In some firms the top leadership team or board is almost self-selected from a very short list of partners or members who are prepared to involve themselves in management. Equally there are many firms that need to choose their boards and even their managing partners from a long list of potential candidates. Many factors need to be considered but I suggest that amongst these, it is important to assess each candidate’s broad tendencies in decision-making. I offer six tests, none of which points to a right or wrong solution but perhaps to the desirability of a good mix of personalities at the top table.
- Wealth Creation. To what extent will profit creation and enhancement be a critical factor in decision-making? Of course, all firms need to make as much profit as possible, but if the pursuit of material wealth is the predominant concern, how would clients and staff view this? Would it lead to a trainee lawyer saying (as reported recently in Oxford University’s Cherwell newspaper) that his leading London firm was all about “f***ing people over for money”?

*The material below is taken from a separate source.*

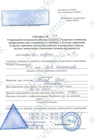 Подлинность документа заверяется прямоугольной печатью медицинского учреждения, круглым штампом терапевта или педиатра, прямоугольной печатью клиники и подписью лечащего врача. Медсправку о болезни могут заполнить в городской поликлинике или ином мед. учреждении.
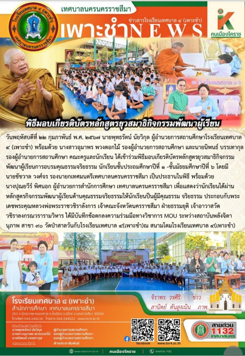 วันพฤหัสบดีที่ ๒๒ กุมภาพันธ์ พ.ศ. ๒๕๖๗ พิธีมอบเกียรติบัตรหลักสูตรยุวสมาธิ กิจกรรมพัฒนาผู้เรียนการอบร..

- Hard Facts. Would the candidate prefer to make emotion-free decisions as far as possible based on data and evidence? How might such a preference affect the firm’s stated values of caring and concern for people? Having been recently brought in as an objective and emotionless third party to carry out a redundancy exercise, I can see that there is a place for an element of rationality – and possibly cold-heartedness – in every firm, but it should not be allowed to dictate every decision.
- Novelty and Change. How open are the candidates to trying new and different ways of doing things? At one extreme, you will find candidates dedicated to established methods who will frequently say “If it aint broke, don’t fix it”. At the other extreme, the pursuit of novelty and change can be like a drug. Without doubt, firms need to exploit multiple perspectives and to explore new ways of doing things, but the NewLaw bandwagon is not always the right vehicle for every firm, every circumstance or every practice group.

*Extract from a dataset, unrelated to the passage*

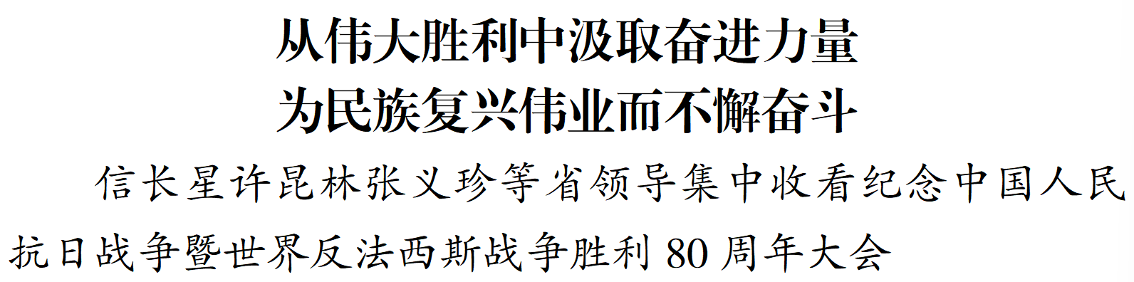 铭记历史、缅怀先烈、珍爱和平、开创未来。9月3日上午,纪念中国人民抗日战争暨世界反法西斯战争胜利80周年大会在北京天安门广场隆重举行,中共中央总书记、国家主席、中央军委主席习近平发表重要讲话并检阅受阅部队。省委书记信长星、省长许昆林、省政协主席张义珍等省领导集中收看纪念大会。

- Power and Control. To what extent is compliance important, particularly in relation to controlling the activities of partners, who are difficult to manage even at the best of times? Negative behaviour is however easier to control than positive behaviour. Partnership agreements often include as grounds for expulsion bringing the firm into disrepute and this brings the private lives of partners into focus – one US firm in London has recently fired a partner who made offensive remarks about football supporters on social media.

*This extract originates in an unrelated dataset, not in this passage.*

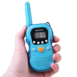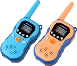 Zabaven komplet dveh otroških walkie-talkie radijskih postaj za igre na prostem in doma z dosegom do 3 km na odprtem prostoru. Enostavno upravljanje, 16 frekvenc, nastavitev glasnosti in modulator glasu (deček, deklica, robot + izvirnik) poskrbijo za veliko akcije. Ne manjka vhodni zvonec (4 toni), sponka za pas in odprtina za vrvico – idealno za vrt, plažo, gozd in tajne misije.
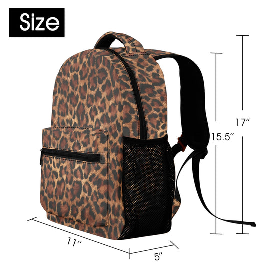 Leopard Backpack, Animal Print Cheetah Brown Men Women Kids Gift School College Cool Waterproof Side Pockets Laptop Designer Aesthetic Bag

- Duty and Loyalty. What part should a sense of obligation play in decision making? The integrity of relationships is highly important in a people business but loyalty in a business context almost always needs to be balanced with rationality, commerciality and pragmatics.
- Egalitarian Ethos. How important is it to think about the effect of decisions on others – particularly lower down in the firm and outside it? How acute is the candidate’s regard and respect for people and the community? How strong is the individual’s commitment and ethos towards diversity, inclusion and corporate social responsibility – or is this viewed just a box-ticking, reputation-protecting marketing fad? Internally, how hierarchical is the firm and what credence might be given to the views of low-ranking people or how decisions might affect them?
Those in management positions will often see what they want to see and hear what they want to hear. All these questions are designed to uncover a person’s preferences for a particular desired state of affairs. These beliefs may affect candidates’ fields of vision and the intensity with which data will be sought, the sources that well be used and the end result that is desired. It is important to select individuals who themselves demonstrate a balanced approach, as well as striving for balance among the management team as a whole.